**Data segment**

= = = = = = =

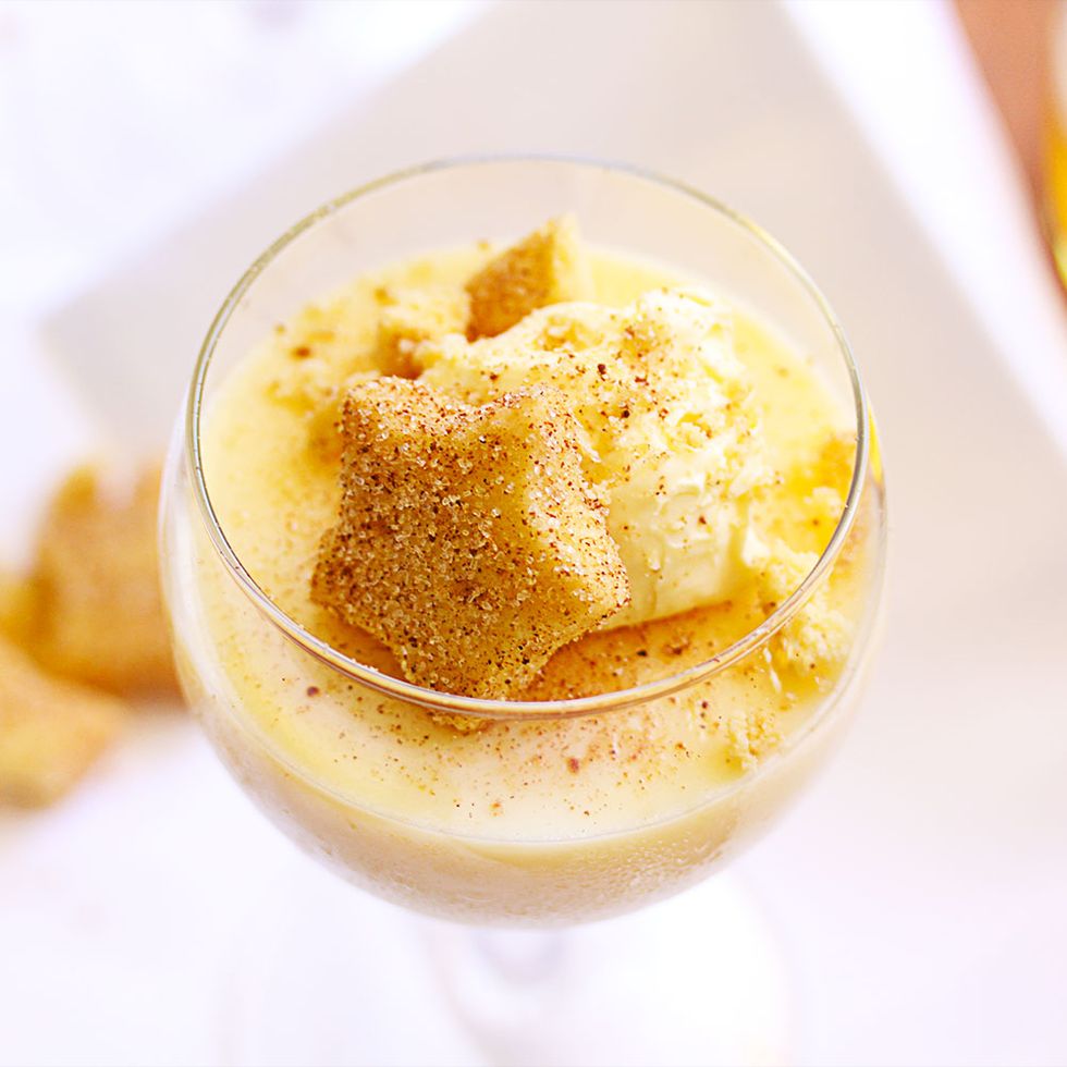 1. Pour the eggnog into a saucepan, then add the Drambuie and stir well. Sprinkle the gelatine evenly over the top and leave it for 5 minutes to bloom.
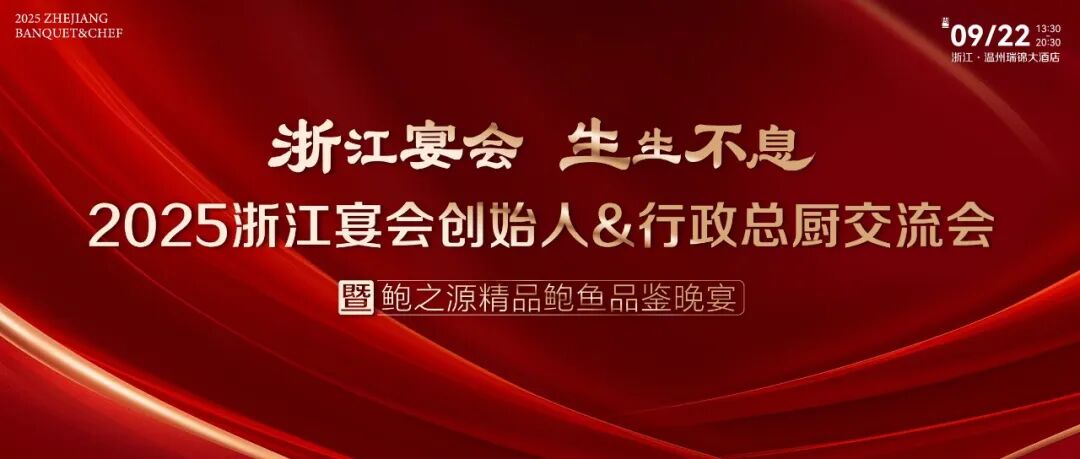 2025浙江宴会创始人&行政总厨交流会,将于9月22日(周一 13:30-20:30),在浙江·温州瑞锦大酒店举办。
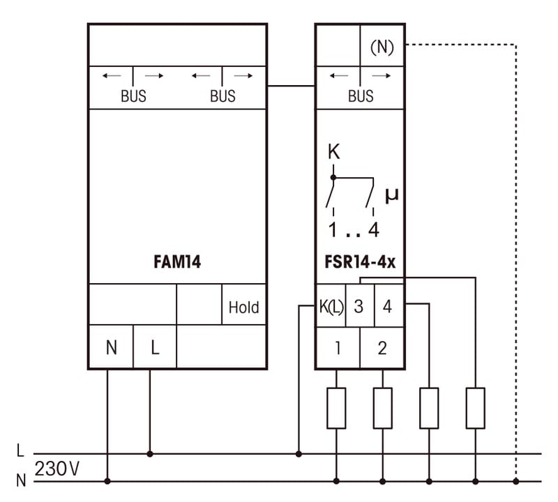 - 4-kanavainen impulssirele integroidulla reletoiminnolla, 1 sulkeutuva (NO) kosketin per kanava 4A/250V AC
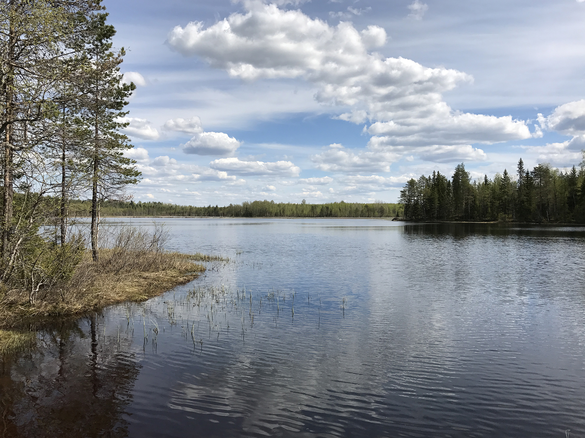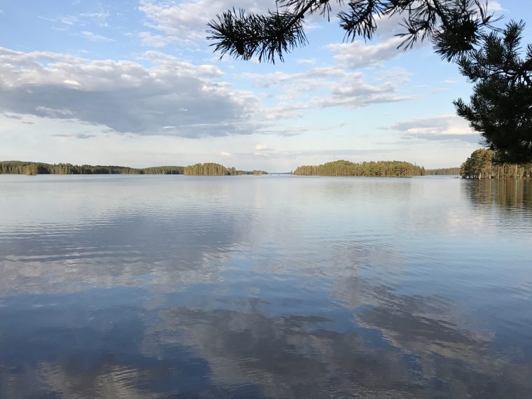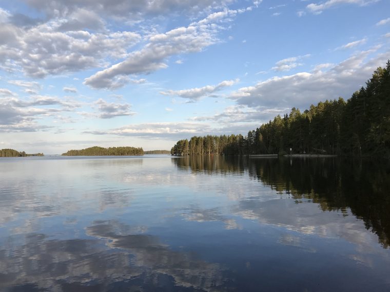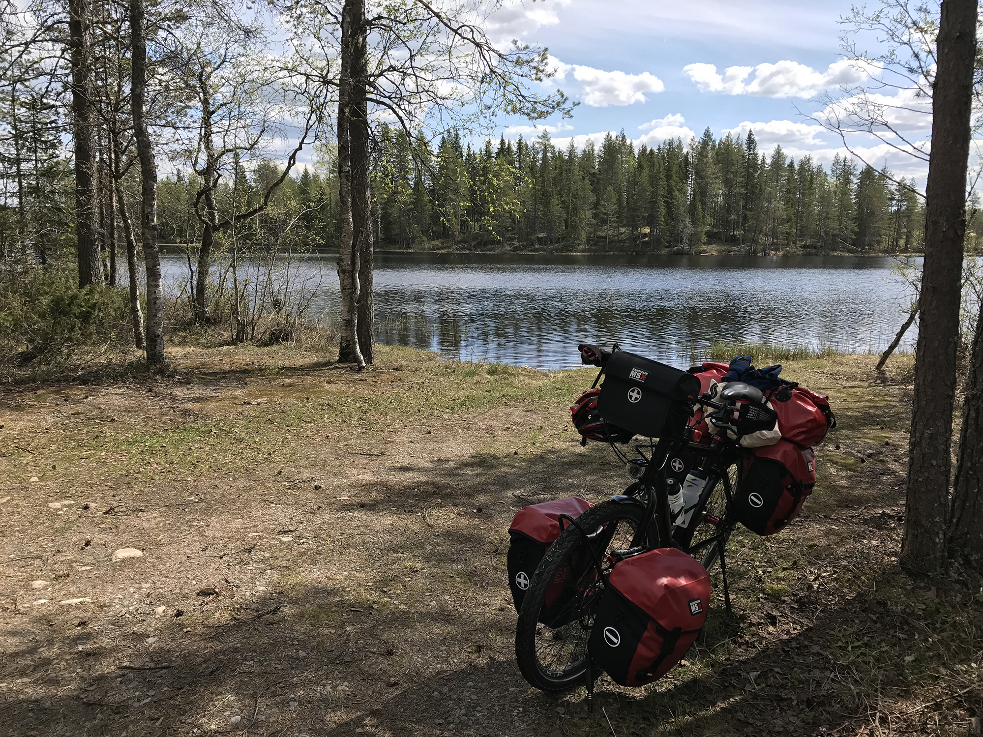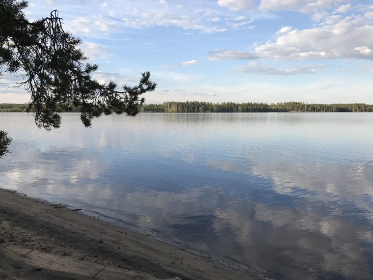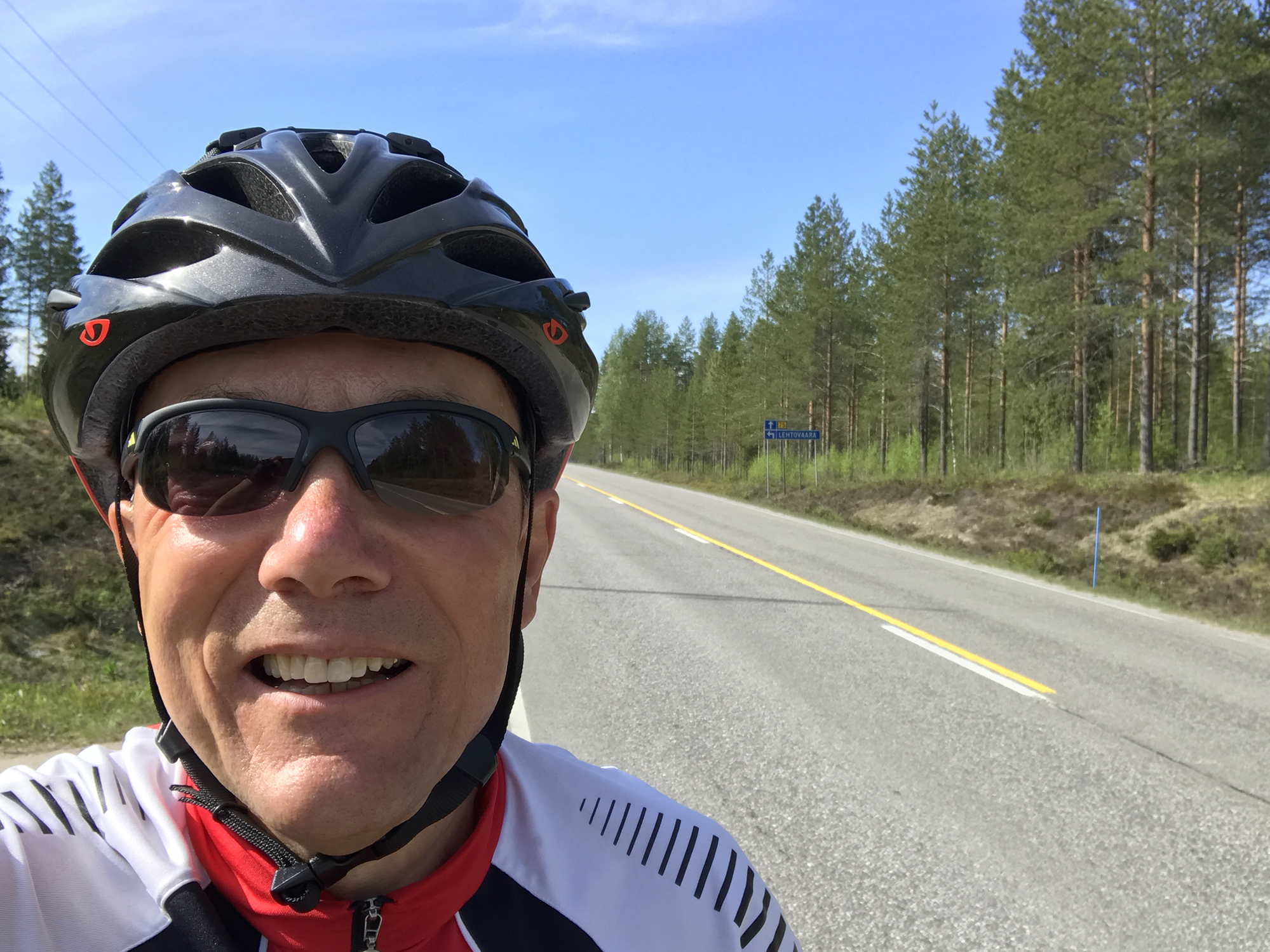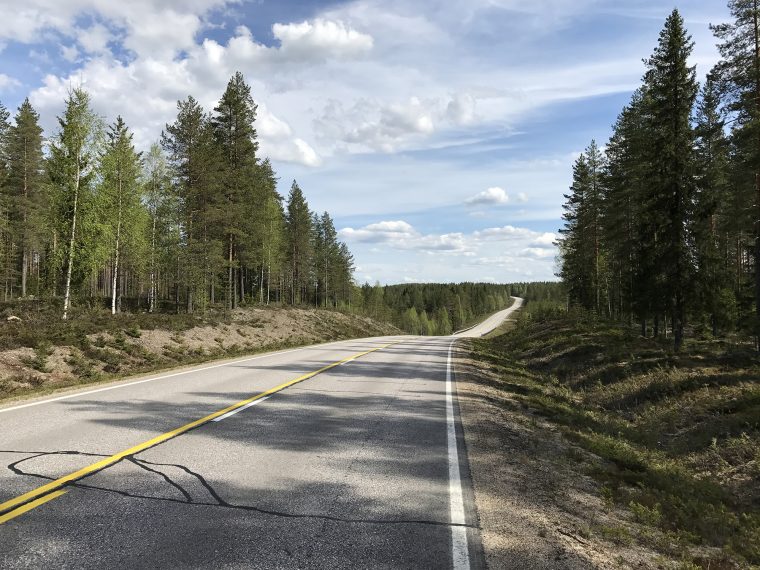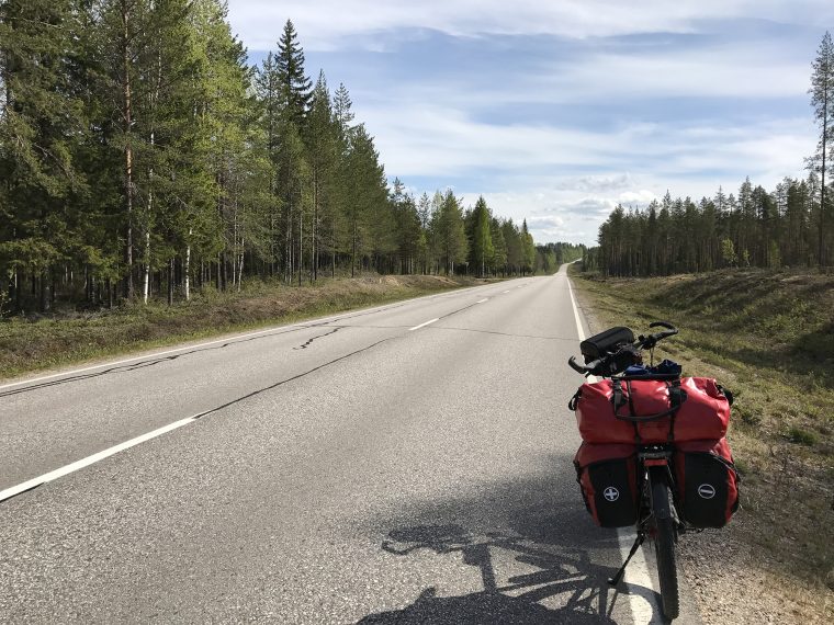Day 43 I spent my cycling day heading north on road 75, excepted for the last few kilometres on road 76 to Kuhmo. I found a good place to take lunch at a lake. In the afternoon, as I was just having a short stop at the top of a hill, I saw a cyclist coming up the slope in front of me and waited until he had reached my position. Because he asked me in English with a well-known accent where I was coming from, I answered him in French. He had started his actual trip from Kirkenes (Norway) and was cycling back to France.

= = = = = = =

**What to produce**
Where pictures appear, drop them, and reproduce exactly only the lines running from the beginning of the data to the line that contains "2025浙江宴会创始人&行政", inclusive.

**Answer for this exercise**
 1. Pour the eggnog into a saucepan, then add the Drambuie and stir well. Sprinkle the gelatine evenly over the top and leave it for 5 minutes to bloom.
 2025浙江宴会创始人&行政总厨交流会,将于9月22日(周一 13:30-20:30),在浙江·温州瑞锦大酒店举办。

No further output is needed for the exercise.